In that article, Antunes named "Scoop" — Evelyn Waugh's bitingly satirical novel about English journalism — as a professional touchstone.

"It puts this industry in perspective," she said of the book.

"Never take yourself too seriously."

Antunes joined CNBC in 2012, at a time when its digital news site had a bare-bones, black-and-white appearance, with few images and graphics, and routinely relied on wire service copy for a large portion of its content.

During her two-year tenure, Antunes oversaw a dramatic redesign of the outlet's website, expanding the digital news staff and areas of coverage, and in the process increasing readership sharply and scoring a number of journalism awards.

One of her early hires there was Jeff Nash, now a managing editor at CNBC.

Nash called Antunes a "dynamo," who had an "infectious" enthusiasm "for telling great stories."

"You learn a lot of things from Xana, but several of them rise above the rest. The first is how to identify a journalist's talents and skills — often ones that they might even be unaware of — and develop them," Nash wrote in an essay for Antunes' lifetime achievement award last fall.

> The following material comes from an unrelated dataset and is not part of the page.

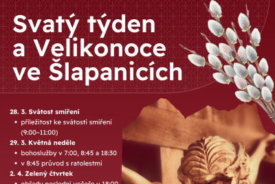 Velikonoce patří k nejvýznamnějším křesťanským svátkům v roce. Farnost Šlapanice zve všechny k jejich prožití prostřednictvím bohoslužeb a společných setkání.

"She wants the best stories and will hire people who are good at telling them, even when they don't fit the traditional mold of a business reporter," he wrote.

"And her reporters and editors know that she has their backs and wants them to succeed. This is how she built incredible newsrooms at Fortune, Crain's, CNBC, Quartz and others," he wrote.

"It's also why journalists gladly follow her wherever she goes — which is maybe the highest compliment of all."

In October, in what turned out to be her final Twitter post, Antunes pointed followers to a Quartz article about the recent death of a young colleague.

Her comment on the piece could easily serve as her own epitaph: "Remembering a strong, passionate, deeply caring woman who left us far too soon."